Study 1 combined category learning and crossmodal transfer tasks to investigate the types of multisensory representations on which crossmodal correspondence is based, and to examine how category knowledge affects multisensory representations already present in the brain. The results of Experiment 1 found that the acquired category knowledge about visual position influenced the categorization of pitch when category learning was performed under the visual only condition, indicating that crossmodal transfer occurred between visual position and auditory pitch. Moreover, the correspondence of category labels for position and pitch in multisensory category learning did not affect the crossmodal correspondence effect of pitch-position. The results of Experiment 2 showed that the acquired category knowledge about visual size did not affect the categorization of pitch, but interestingly, the way that combined category labels for size and pitch in multisensory category learning determined the direction of pitch-size crossmodal correspondence, indicating that pitch-size crossmodal correspondence is not stable and can be affected by category and semantic labels. Experiment 3 balanced the difference in task difficulty between position and size category judgments, and further found that no crossmodal transfer occurred between size and pitch, and the way that category labels of size and pitch corresponded in multisensory category learning influenced the direction of pitch-size correspondence. Experiment 4 provided additional evidence that crossmodal transfer between pitch and size did not occur because there was no stable pitch-size correspondence.

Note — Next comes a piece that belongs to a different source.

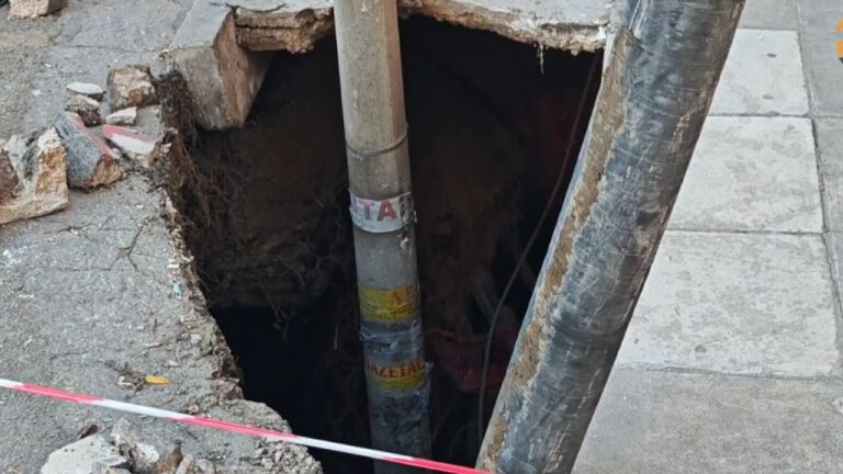 Η τρύπα έχει πέντε μέτρα εμβαδόν kai σημαντικό βάθος, ενώ την ώρα που άνοιξε «ρούφηξε» και μια κολώνα φωτισμού.

Study 2 examined the effects of category learning on multisensory representations by manipulating the amount of training in a multisensory category learning task. The correspondence between pitch and position category labels learned by participants in Experiments 5 and 6 was the opposite of the crossmodal correspondence between pitch and position, with 20 blocks completed at once in Experiment 5, and 12 blocks completed every day for seven days, for a total of 84 blocks in Experiment 6. It was found that in both Experiment 5 and Experiment 6, the pitch-position correspondence between audiovisual stimuli did not affect the acquisition of category labels with opposite pitch and position correspondence across modalities in multisensory category learning, and the accuracy of simultaneous audiovisual presentation during learning was significantly higher than that of separate presentation, indicating the classical multisensory facilitation effect. More importantly, the experimental results showed that prolonged the training of the inverse relationship of category labels could change but could not reverse the direction of pitch-position matching. These results suggest that the pitch-position correspondence tends to be based on structural associations and statistical coupling and semantic mediation effects cannot fully explain this phenomenon.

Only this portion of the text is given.